Он неизменно приходил к выводу, что об этих вещах думать нельзя. В такие минуты он обычно ощущал таинственную, тлеющую в глубине души зависть, – зависть к тем, которых никто утром не провожает, которых никто вечером не ждет. Он упрекал себя за это, стыдил, но не мог избавиться от тоски по покою одиночества.

Из глубины мрачной улицы приближался трамвай. Он трезвонил, от его прикрытого голубым бельмом фонаря вспыхивали голубые лучи рельсов среди грядок скользкого булыжника.

Здесь, недалеко от центра, еще можно было найти в вагоне место на твердой скамейке. Тени, стоящие на трамвайной остановке, неожиданно обретали лица: небритые, мертвенно-бледные в синем освещении. Он знал этих людей. Каждое утро он терся о их костлявые плечи, слушал их полные проклятий ворчливые разговоры, видел, как они дремлют с открытыми ртами, опустив на грудь сотрясаемые толчками вагона головы. Это были рабочие с содового и кабельного заводов, с печей по обжигу извести. Их становилось все больше. Возле моста они уже заполняли весь проход, бессильно висели, держась за кожаные ручки. Под напором их тел веревка, разделяющая вагон на две половины, натягивалась и скрипела. В другой половине чаще всего было пусто. Если случался какой-нибудь привилегированный пассажир, то это всегда был – в эти ранние часы – человек в мундире. На него не обращали внимания. То, что он мог удобно расположиться, вытянуть ноги в сапогах со сверкающими голенищами, даже положить их на противоположную скамью, казалось, никого не удивляло. Так уж было заведено. Люди привыкли. У Михала эта картина тоже переставала вызывать возмущение. Беспокойство и удивление, которое он еще испытывал, было вызвано не унижением или собственным неудобством, а положением человека по ту сторону веревки. Ни за что на свете он не поменялся бы с ним местами. Часто с жадным вниманием наблюдал он за пассажирами из первого отделения. Его не оставляла надежда, что он заметит какой-то признак слабости, какое-то проявление человеческого раскаяния. Несмотря ни на что, он не хотел согласиться со слишком простым миром ненависти. Но его усилия не давали результатов. Когда он случайно встречал немца, он видел, что его холодные глаза смотрят на груду сдавленных тел, как на далекий, безразличный ему пейзаж. И Михал так и не мог понять, что это означает: страх, отсутствие воображения или помешательство?
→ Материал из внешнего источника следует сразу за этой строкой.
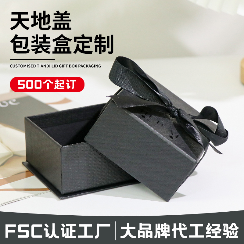 Black Bow Heaven and Earth Cover Gift Box Custom Special Paper Hot Black Gold Gift Packaging Box Advanced Sense Handmade Carton

В этих исследованиях самым важным моментом был проезд через гетто. Здесь он наблюдал особенно внимательно и начинал еще больше сомневаться в своих способностях понять человеческую психологию. Разве медленный поворот головы от окна или закуривание сигареты относилось к числу ожидаемых реакций?

Трамвай сбавлял скорость перед стеной, и тогда на переднюю и заднюю ступеньку вскакивали одетые в черную форму часовые. Потом вожатый со стуком передвигал рукоятку до упора, приводя вагон в дрожь и тряску неожиданной скоростью. Трамвай подскакивал, лязгал, звенел стеклами, мчась как бешеный по узкому коридору между ограждениями из колючей проволоки.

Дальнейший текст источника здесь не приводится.